• [RAW DATA]:

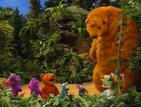 One weekend, Bear decides to start a new hobby --- "whittlin'." He gets a block of wood and an instruction book, but finds that his early efforts don't look much like the duck in the book. He determines, however, to keep trying. Meanwhile, the kids in the Big Blue House are exploring talents of their own. Ojo continues working on her bike-riding, while Pip and Pop have developed a synchronized-swimming routine. Treelo searches all over for his talent. Tutter, however, experiences a lack of confidence when he learns how great Rita is at kicking the ball in soccer. He tells Bear that he's quitting the team.
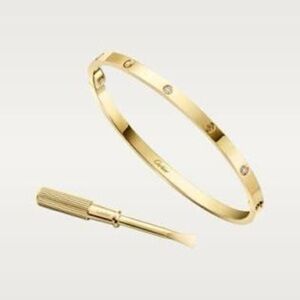 18K Gold Screw & Diamond Love Bracelet Cuff Stackable Bangle Engraved No Fade
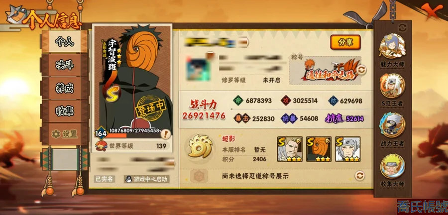 【OBHQTMS488342】戰鬥力:2692W+;段位:超影;本服排名:6;戰區排名:24;VIP14級;S忍49個;A忍74個;通靈獸31個;S忍:仙人模式自來也(5星),綱手(5星),猿飛日斬(5星),大蛇丸(4星),波風水門(4星),穢土轉生三代目風影(4星),初代目風影烈鬥(4星),天道佩恩(4星),暴怒第六尾漩渦鳴人,九喇嘛連結漩渦鳴人,永恆萬花筒宇智波佐助,忍界大戰春野櫻,須佐能乎旗木卡卡西,自來也,舞之豪傑自來也,傳說中的三忍自來也,死門邁特凱,九喇嘛連結波風水門,穢土轉生猿飛日斬,穢土轉生千手扉間,千手扉間,千手柱間,木葉創立千手柱間,穢土轉生千手柱間,穢土轉生宇智波斑,木葉創立宇智波斑,穢土轉生解宇智波斑,須佐能乎宇智波鼬,穢土轉生宇智波鼬,須佐能乎宇智波止水,神秘面具男,白面具宇智波斑,五影會談宇智波斑,忍界大戰宇智波帶土,紅夜之刃神秘面具男,四代目風影羅砂,二代目水影鬼燈幻月,四代目雷影艾,忍界大戰艾,三代目雷影艾,三代目土影大野木,忍界大戰大野木,二代目土影無,超佩恩天道,穢土轉生長門,仙人模式藥師兜,最終章大筒木舍人,大筒木桃式,大筒木金式;A忍:邁特凱(5星),猿飛阿斯瑪(5星),蠍(5星),幹柿鬼鮫(5星),疾風傳我愛羅(4星),死司憑血飛段(4星),旗木卡卡西(3星),忍界大戰土臺(3星),迪達拉(3星),飛段(3星),六代目水影長十郎(3星),忍者之路神秘面具男,仙人模式漩渦鳴人,初始形態機械鳴人,九尾查克拉漩渦鳴人,萬花筒寫輪眼宇智波佐助,須佐能乎宇智波佐助,疾風傳咒印宇智波佐助,俠隱江湖宇智波佐助,宇智波泉奈,忍界大戰秋道丁次,忍界大戰日向寧次,忍界大戰李洛克,忍界大戰天天,最終章日向雛田,幻之真容旗木卡卡西,忍界大戰旗木卡卡西,青春爆炸邁特凱,宇智波止水,新春限定宇智波止水,志村團藏,新春限定波風水門,青年波風水門,忍界大戰我愛羅,新春限定我愛羅,近松十人衛千代,俠隱江湖照美冥,五代目水影照美冥,漂泊武士桃地再不斬,穢土轉生桃地再不斬,奇拉比,忍界大戰奇拉比,青年艾,三船,漂泊武士千手扉間,不緣,青年長門,漂泊浪客佩恩六道,小南,夏日泳裝小南,漂泊浪客小南,新春限定小南,角都,地怨虞角都,穢土轉生角都,曉大蛇丸,新春限定大蛇丸,緋流琥蠍,宇智波鼬,新春限定宇智波鼬,穢土轉生迪達拉,新春限定迪達拉,惡靈之影飛段,暴怒宇智波帶土,漂泊浪客宇智波帶土,加藤斷,俠隱江湖大野木,羈絆神農,猿飛木葉丸,桃式顯現漩渦博人,五代目雷影達魯伊,仙人模式巳月,四代目土影黑土,夏日限定黑土;通靈獸:忍犬,藍蛇,蛤蟆吉,忍龜,鐮鼬,猿魔,山椒魚,蜃,蛞蝓,蛤蟆仙人,鮫鯊,蛤蟆健,砂之守鶴,烏鴉,熊貓,蛤蟆龍,二尾又旅,,蛤蟆廣,怒鬼無臂,萬蛇,夢貘,鷹,怒鬼爪,蜘蛛,祥瑞金烏,守鶴,辛牙,怒鬼,變色龍;時裝:桀驁之刃猿飛阿斯瑪,百戰宇智波鼬須佐能乎,狂野鮫鯊幹柿鬼鮫,蜀面豪傑舞之豪傑自來也,鋼鐵之軀邁特凱,百戰波風水門,百戰佩恩天道,百戰大蛇丸,斑之附身神秘面具男忍者之路,龍吟浪客千手扉間漂泊武士,燼影絕蹤宇智波佐助俠隱江湖,太極靈韻日向花火武當宗師,烈土霓裳黑土四代目土影,土之固守大野木三代目土影,憤怒的伊始宇智波帶土暴怒,編織虛實宇智波鼬,龍的傳人李洛克截拳宗師,風靈素錦猿飛未來,菁英忍者旗木卡卡西少年,水之妖姬照美冥五代目水影,命定之戰宇智波佐助疾風傳,智勇記者宇智波佐良娜,千雪霜華照美冥俠隱江湖,神使之花小南新春限定,緋櫻綻放春野櫻百豪,隱藏內心的面具旗木卡卡西暗部,血紅辣椒旋渦玖辛奈少女png,血霧怪人幹柿鬼鮫,驚雷掠影達魯伊五代目雷影,可愛睡衣漩渦鳴人,飛瀑流泉長十郎六代目水影,傳說的光芒波風水門,風之守護我愛羅忍界大戰,剎那的藝術迪達拉,紅月映雪宇智波鼬新春限定,雷電之力艾四代目雷影,初代目火影千手柱間,純白之心白,睿勇新星千手扉間少年,熊貓少女天天峨眉宗師;【2092】博聞錄已買,月卡已經續了,能把六道帶土秒出來

• [YOUR INSTRUCTIONS]: Copy nothing but the lines from the top of the material through the line holding "18K Gold Screw", exactly as written; omit pictures.

• [EXERCISE RESPONSE]:
 One weekend, Bear decides to start a new hobby --- "whittlin'." He gets a block of wood and an instruction book, but finds that his early efforts don't look much like the duck in the book. He determines, however, to keep trying. Meanwhile, the kids in the Big Blue House are exploring talents of their own. Ojo continues working on her bike-riding, while Pip and Pop have developed a synchronized-swimming routine. Treelo searches all over for his talent. Tutter, however, experiences a lack of confidence when he learns how great Rita is at kicking the ball in soccer. He tells Bear that he's quitting the team.
 18K Gold Screw & Diamond Love Bracelet Cuff Stackable Bangle Engraved No Fade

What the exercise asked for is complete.